Наблюдая за старым индейцем, Маккенне показалось, что по иссеченным ветрами чертам лица скользнула ироничная улыбка. Затем Эн согласно закивал и заговорил с необычайной решимостью.
— Еще бы, сынок. Я-то понимаю, а вот ты, похоже, нет.
— Чего? — раздраженно спросил Маккенна. — О чем это ты?
Апач пристально посмотрел на него.
— Скажи, я очень стар, Маккенна? — спросил он.
— Да, очень. А в чем дело?
— Правда ли, что я умираю?
— Чистая. И ты, и я знаем, что так оно и есть.
— Тогда зачем мне врать насчет Золотого Каньона? Старик умирает. Молодой человек, несмотря на иной цвет кожи, становится другом старика. Умирающий хочет отблагодарить молодого за услугу, которую тот оказал ему в последний час. Станет ли он лгать своему последнему другу в этой жизни?
Маккенна стыдливо зарделся.
— Конечно, нет, — сказал он. — Прости меня.
— Теперь ты веришь насчет золота?
Маккенна покачал головой.
— Нет, старик. Не могу я тебе врать, так же как ты не можешь врать мне. Я слышал тысячи историй про Золотой Каньон.
На сей раз Маккенна знал точно, что по губам апача скользнула мимолетная улыбка и наклонился вперед, чтобы ни слова не пропустить из затихающего потока.
— Конечно же, Маккенна, друг мой, таких историй действительно тысячи. Но каньон-то один. Вот в чем дело! Наконец-то я вижу, теперь ты стал мне ближе. Я вижу, что ты почти веришь. Так внимай: карту, что я тебе нарисовал, когда-то мне нарисовал отец, а ему — его отец, и так далее, в глубь веков. Это тайна нашей семьи. Мы хранили ее для истинных апачей.
— Подожди, — прервал его Маккенна. — Но ведь эту тайну хранила семья вождя Наны…

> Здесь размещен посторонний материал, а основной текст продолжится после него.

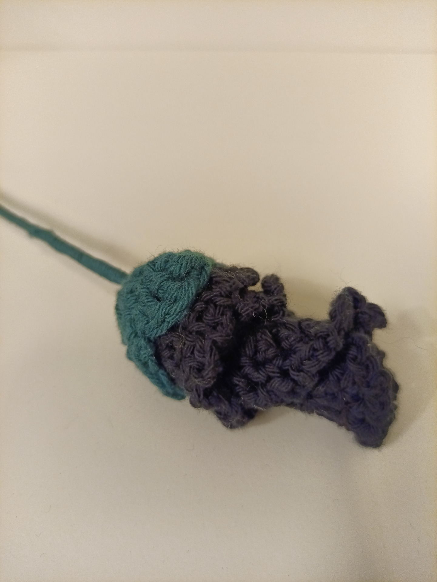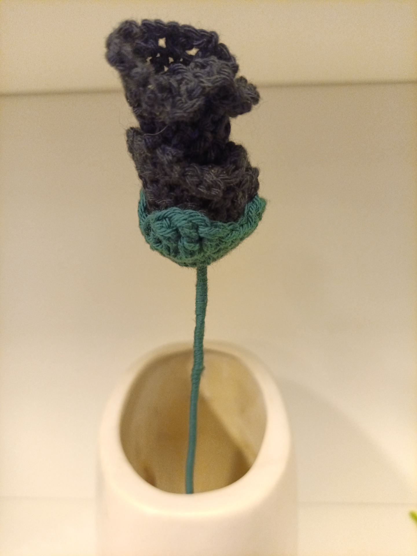 Heklet blomst med stilk i garndekket ståltråd. Stilken kan bøyes, og er omtrent 30 cm lang.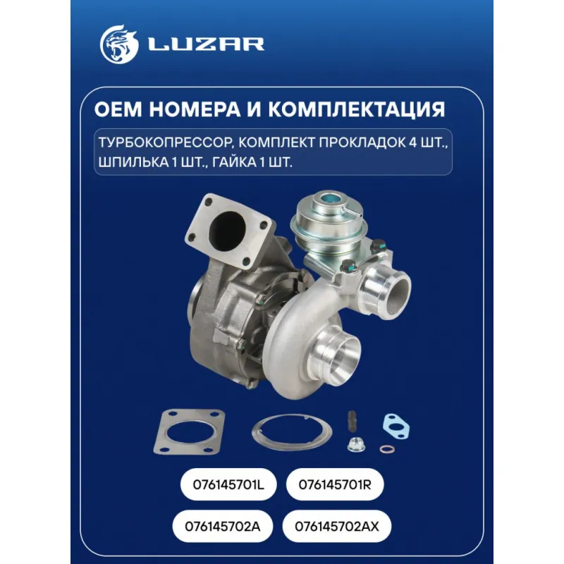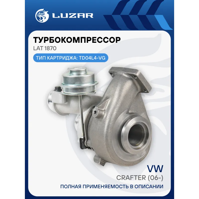 Турбокомпрессор для а/м VW Crafter (06-) 2.5D (тип TD04L4-VG) Характеристики: Артикул: LAT 1870 OEM номера: 076145702A, 076145702AX, 076145701L, 076145701R Количество на автомобиль: 1 Применяемость: BJM, CECB, BJL, CECA, BJK, CEBB Подходит для авто: Volkswagen Crafter (06-) Для проверки применяемости отправьте VIN автомобиля через вкладку "Есть вопросы о товаре?" Комплектация: Турбокомпрессор - 1 шт Комплект прокладок - 4 шт Шпилька - 1 шт Гайка - 1 шт Паспорт изделия - 1 шт Гарантия: от 1 года.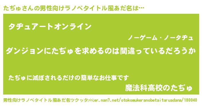 | 女子向けラノベタイトル風あだ名 | 『たぢゅは平凡を望む』『たぢゅ恋絵巻』 |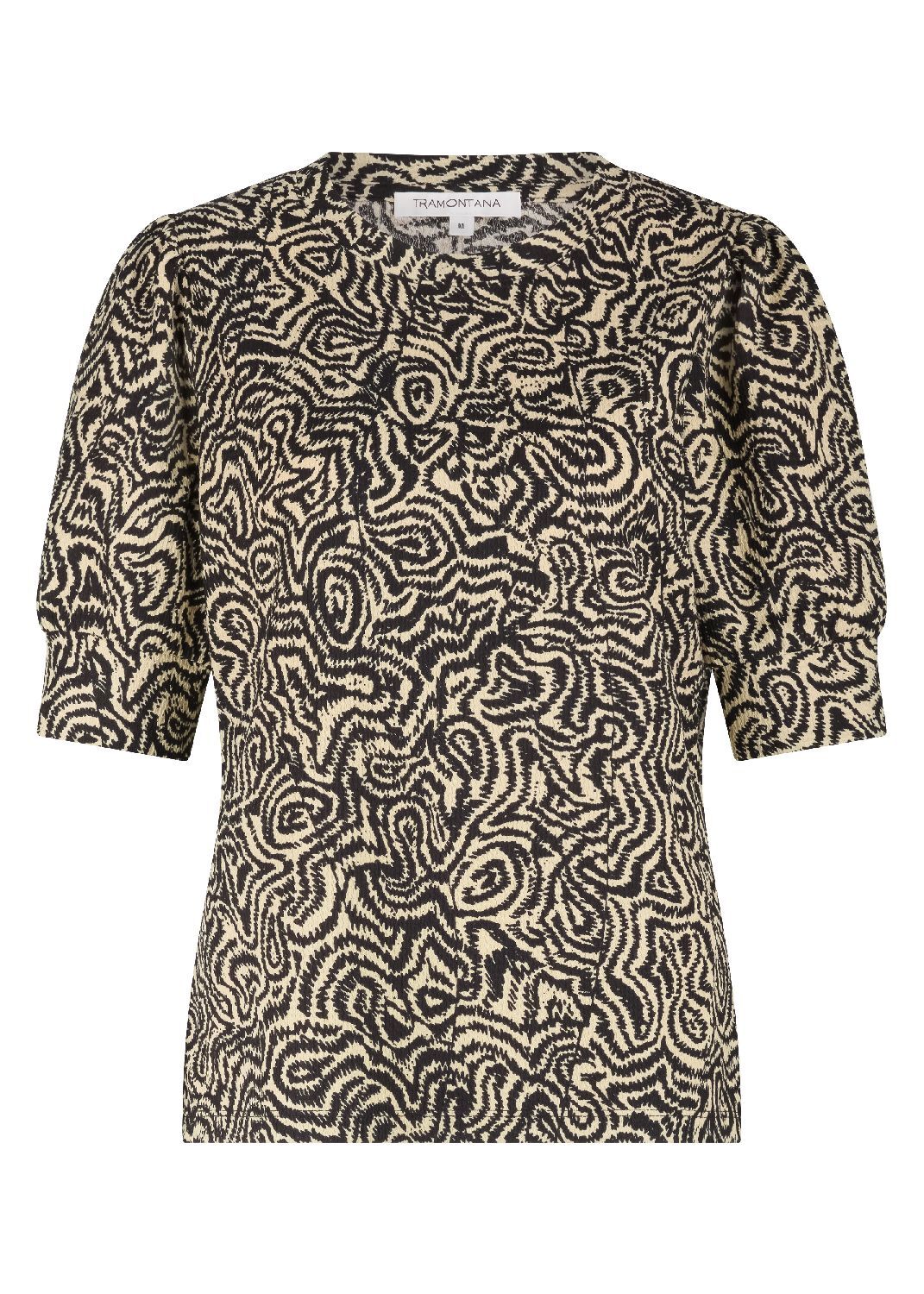 Tramontana Top Wandering Lines Print Blacks Pebble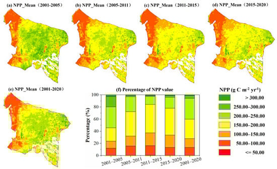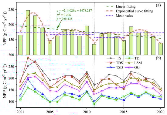 The spatial distribution of grassland NPP in Otog Banner is shown in Figure 4. Grassland NPP increased evidently from the west to the east of the study area, ranging from 17.48 to 498.09 g C m−2 yr−1 (Figure 4e,f). The area with NPP in the range of 150.00–250.00 g C m−2 yr−1 accounted for 66.49% of the total grassland area, where the main grassland type was TDS distributed in the middle of the study area. The area with NPP below 150.00 g C m−2 yr−1 accounted for 27.85% of the total grassland area, where the main grassland types were TD and TSD distributed in the west of the study area. While the area with NPP above 250.00 g C m−2 yr−1 only accounted for 5.67% of the total grassland area, where the main grassland types were TS and LSM distributed in the east of the study area. As can be seen from Figure 4a–d,f, in the recent 20 years, grassland NPP of Otog Banner had a decrease trend, and the low NPP area spread from west to east. During 2015–2020, the decrease process eased slightly, indicating that a series of policies implemented by the state for grassland protection and restoration since the 21st century had gradually achieved positive effects after 2015.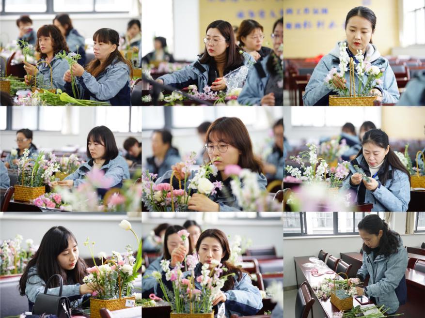 一个花篮一个风格,透过插花表达自己独特的心境和情感,传递女职工们对健康生活、幸福人生的追求与向往。大家手捧着自己的鲜花作品,脸上洋溢着幸福的笑容。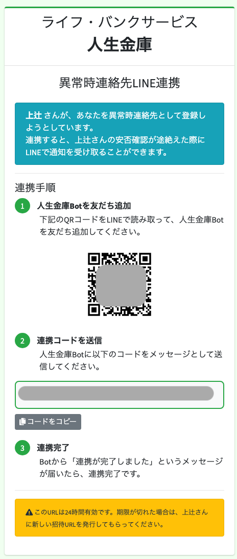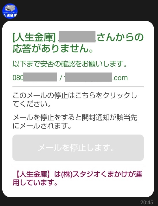 安否確認が止まった場合、メッセージが送信されてきます。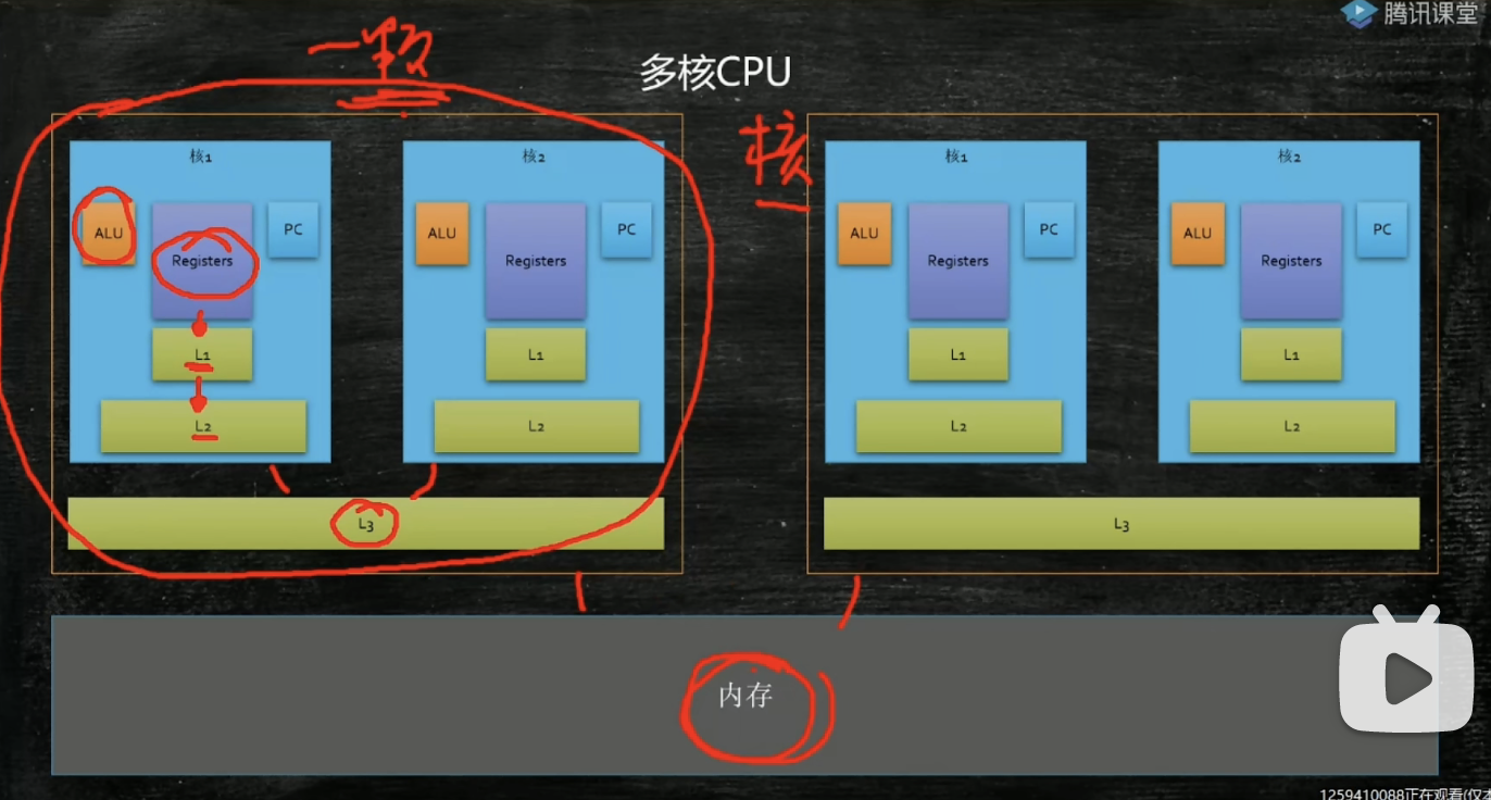 内存中有语句或者数据需要放入cpu进行计算,首先由寄存器从L1到L3寻找,若都没有,则从内存中取,取到后存储在“三核”中,下次再需取该值则直接从“核”中取,这就是缓存的用法。

— Верно, — откликнулся старик. — Я кровный брат Наны.
— Мадре! — задохнулся старатель. — Что, серьезно?
Но старый апач по имени Эн, изборожденный морщинами, забытый всеми Койот из клана вождя Наны забормотал последние слова индейской молитвы, и когда Маккенна позвал его и потряс за плечо, он не откликнулся. Темные сияющие глаза в последний раз оглядели так любимые им бесплодные земли, и на сей раз их взгляд остановился навсегда.
— Иди с миром, — пробормотал Маккенна и прикрыл ему веки.
Опустив обмякшее тело на старое одеяло, он поднялся на ноги. У него было три возможности. Первая: закидать старика камнями. Вторая: отнести апача дальше в пробитую ручьем расселину по обнаженному руслу в Яки-Хиллс и там устроить ему более достойные похороны. Третья: просто оставить тело неприкрытым, чтобы его погребли проходящие мимо апачи.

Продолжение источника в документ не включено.